I am working with a relatively large dataframe (close to 1 billion rows) in PySpark. This dataframe is in "long" format, and I would like to have a unique index for each group defined by a groupBy over multiple columns. An example dataframe:
+--------------+-------+---------+------+------+
|classification| id_1| id_2| t| y|
+--------------+-------+---------+------+------+
| 1| person| Alice| 0.1| 0.247|
| 1| person| Alice| 0.2| 0.249|
| 1| person| Alice| 0.3| 0.255|
| 0| animal| Jaguar| 0.1| 0.298|
| 0| animal| Jaguar| 0.2| 0.305|
| 0| animal| Jaguar| 0.3| 0.310|
| 1| person| Chris| 0.1| 0.267|
+--------------+-------+---------+------+------+
Here I would like to perform an operation such that I can index each group of ["classification", "id_1", "id_2"]. Example output is:
+--------------+-------+---------+------+------+----+
|classification| id_1| id_2| t| y| idx|
+--------------+-------+---------+------+------+----+
| 1| person| Alice| 0.1| 0.247| 1|
| 1| person| Alice| 0.2| 0.249| 1|
| 1| person| Alice| 0.3| 0.255| 1|
| 0| animal| Jaguar| 0.1| 0.298| 2|
| 0| animal| Jaguar| 0.2| 0.305| 2|
| 0| animal| Jaguar| 0.3| 0.310| 2|
| 1| person| Chris| 0.1| 0.267| 3|
+--------------+-------+---------+------+------+----+
I cannot use monotonically_increasing_id() since I don't want a unique ID per row. What I've done, hopefully as a stop-gap, is to create another dataframe, create unique indices for each group, then join that dataframe back into the original.

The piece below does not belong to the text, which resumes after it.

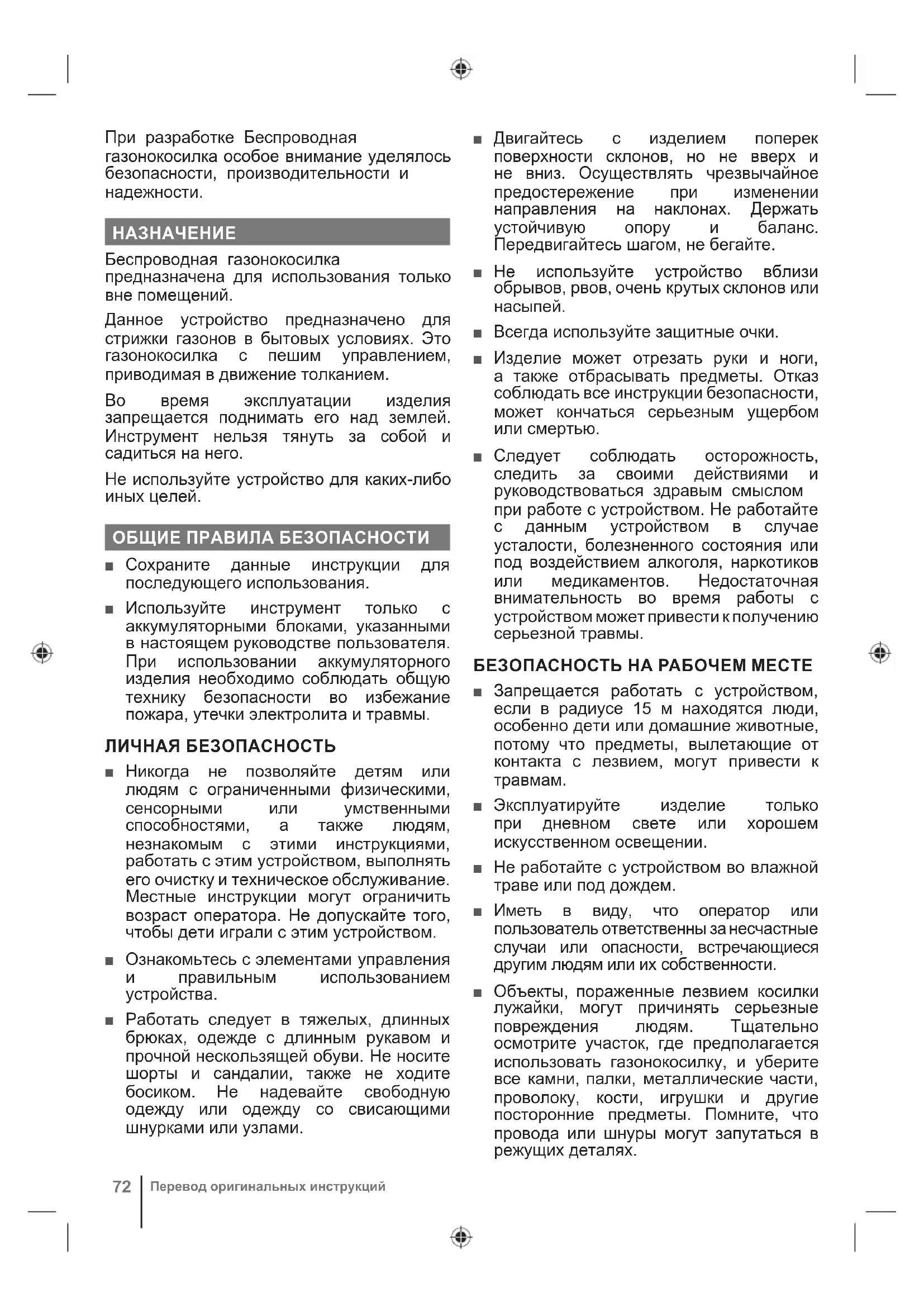 ■ Не сжигайте аккумуляторную батарею. ■ При ненормальных условиях из батареи может вытечь жидкость, избегайте контакта с ней. Если этого избежать не удалось, смойте жидкость водой. Если жидкость74 Перевод оригинальных инструкций попала в глаза, после их промывания обратитесь за медицинской помощью. Жидкость, вытекшая из батареи, может вызвать раздражение или ожог. ПРЕДОСТЕРЕЖЕНИЯ ОТНОСИТЕЛЬНО БЕЗОПАСНОГО ПОЛЬЗОВАНИЯ ГАЗОНОКОСИЛКИ

from pyspark.sql import functions as F
df_groups = (
df
.select("classification", "id_1", "id_2")
.dropDuplicates()
.withColumn(
"idx", F.monotonically_increasing_id()
)
)
df = df.join(other=df_groups, on=["classification", "id_1", "id_2"])
This can be a pretty hefty operation, so I'm wondering if there is any native Spark operation that effectively does the same thing.